*What this task involves*: Everything in the records below from the line containing "简约多色便携首饰盒项链耳环饰品收纳盒自带镜子现货批发厂家直销" through the line containing "Les tornades sont" is to be reproduced exactly, those two lines included; no picture is to be copied.

---- Stored data

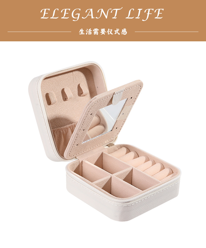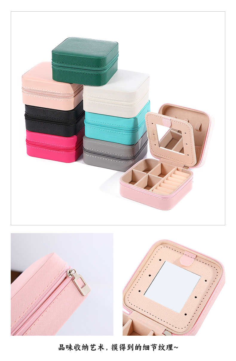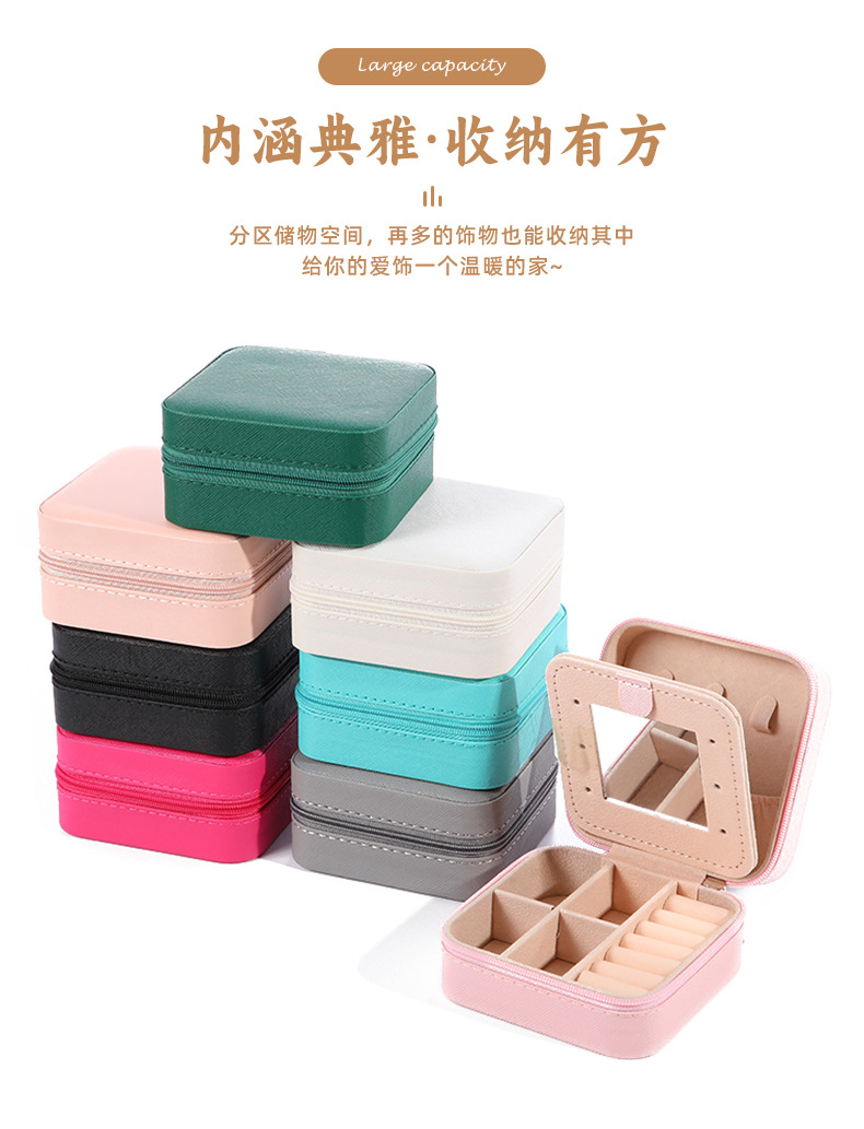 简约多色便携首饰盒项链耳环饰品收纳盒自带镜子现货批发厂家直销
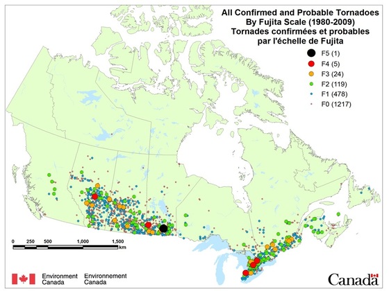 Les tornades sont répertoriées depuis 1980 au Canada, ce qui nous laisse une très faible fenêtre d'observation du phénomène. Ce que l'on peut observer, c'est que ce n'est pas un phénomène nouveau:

--------
---- Stored data

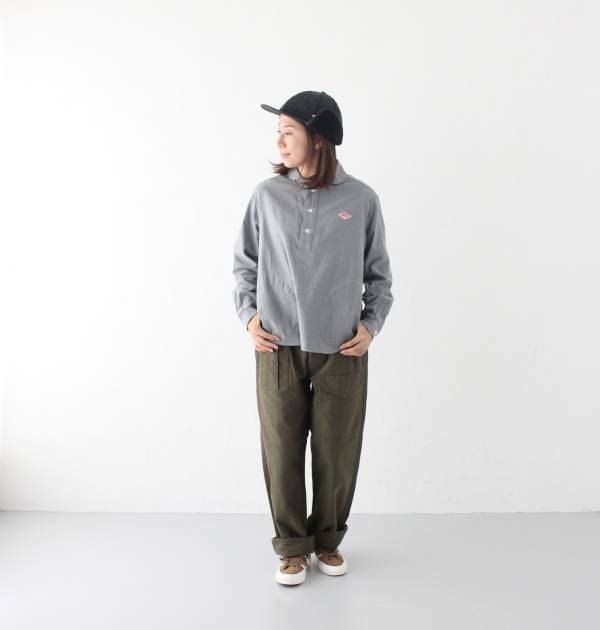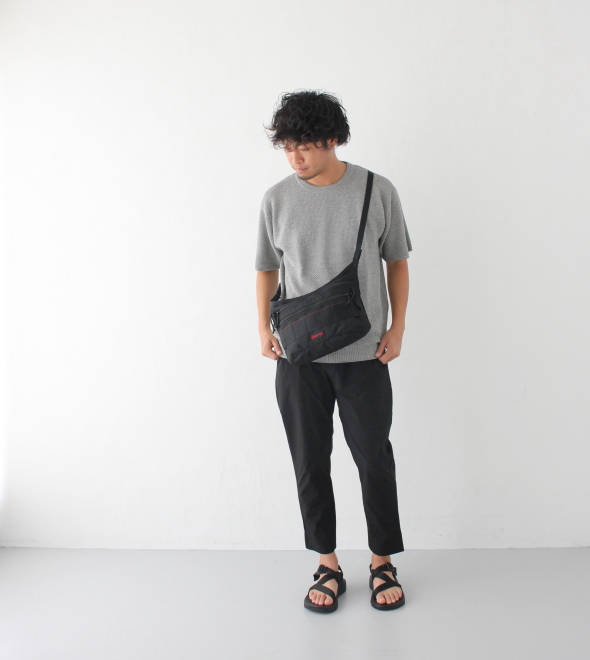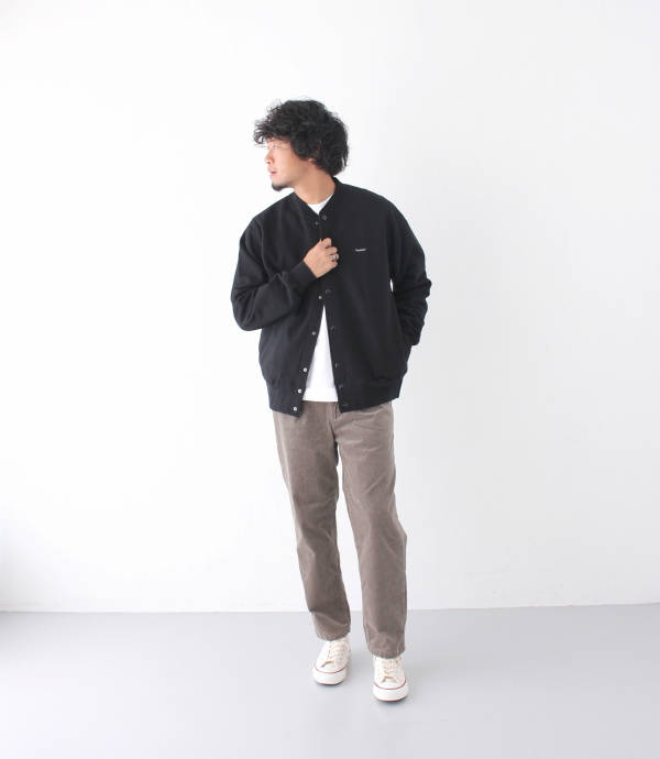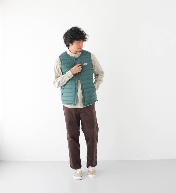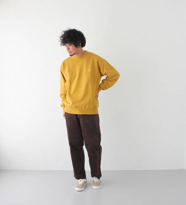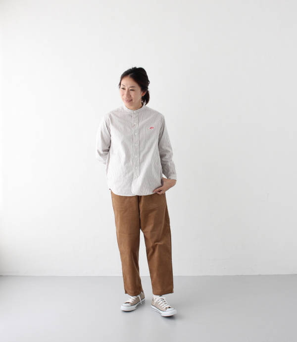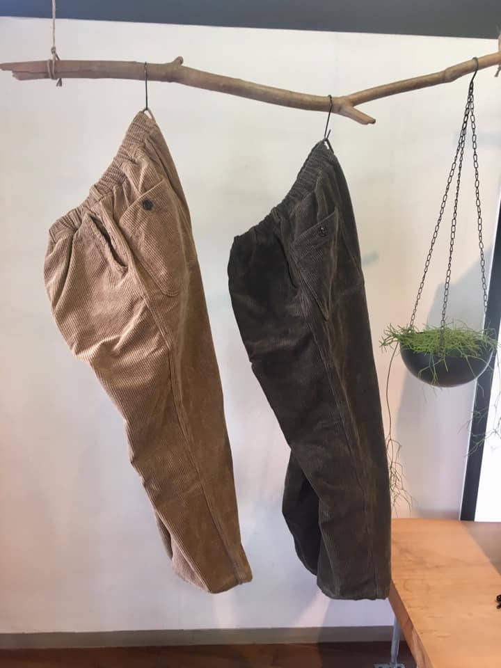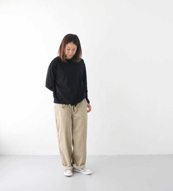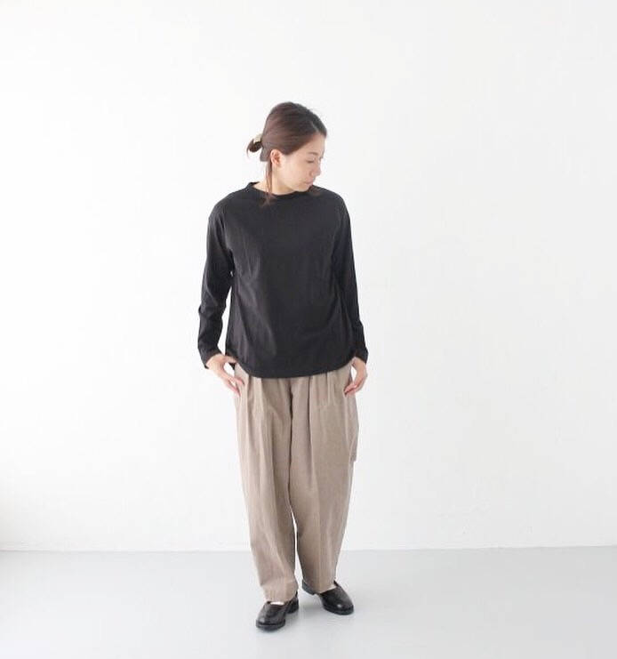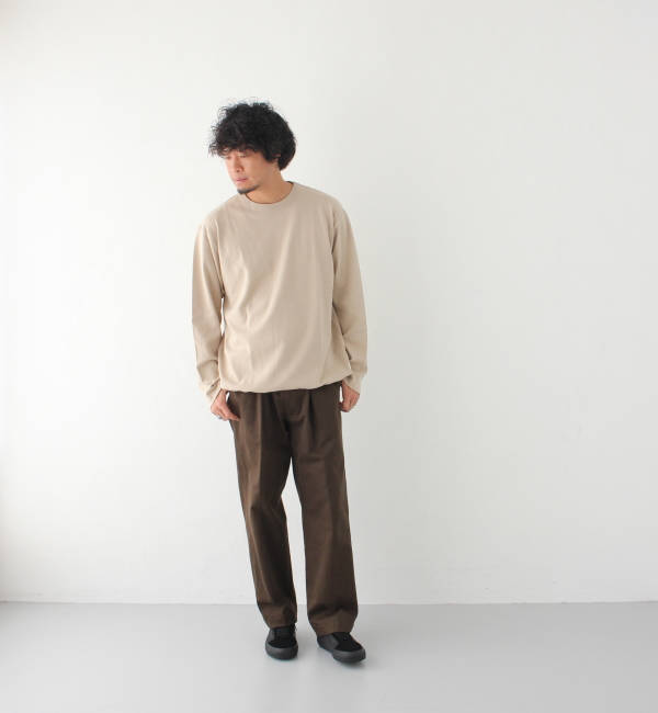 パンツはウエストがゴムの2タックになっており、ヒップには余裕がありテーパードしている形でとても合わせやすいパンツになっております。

--------
---- Stored data

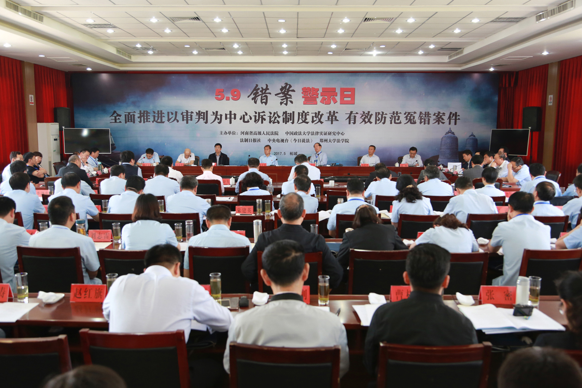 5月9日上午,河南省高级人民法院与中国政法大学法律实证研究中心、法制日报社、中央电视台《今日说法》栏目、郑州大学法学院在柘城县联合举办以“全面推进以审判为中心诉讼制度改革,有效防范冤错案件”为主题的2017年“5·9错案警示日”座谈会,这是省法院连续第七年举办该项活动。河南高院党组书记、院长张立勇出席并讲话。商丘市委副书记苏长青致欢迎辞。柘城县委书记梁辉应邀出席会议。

--------

*Answer space*:
 简约多色便携首饰盒项链耳环饰品收纳盒自带镜子现货批发厂家直销
 Les tornades sont répertoriées depuis 1980 au Canada, ce qui nous laisse une très faible fenêtre d'observation du phénomène. Ce que l'on peut observer, c'est que ce n'est pas un phénomène nouveau:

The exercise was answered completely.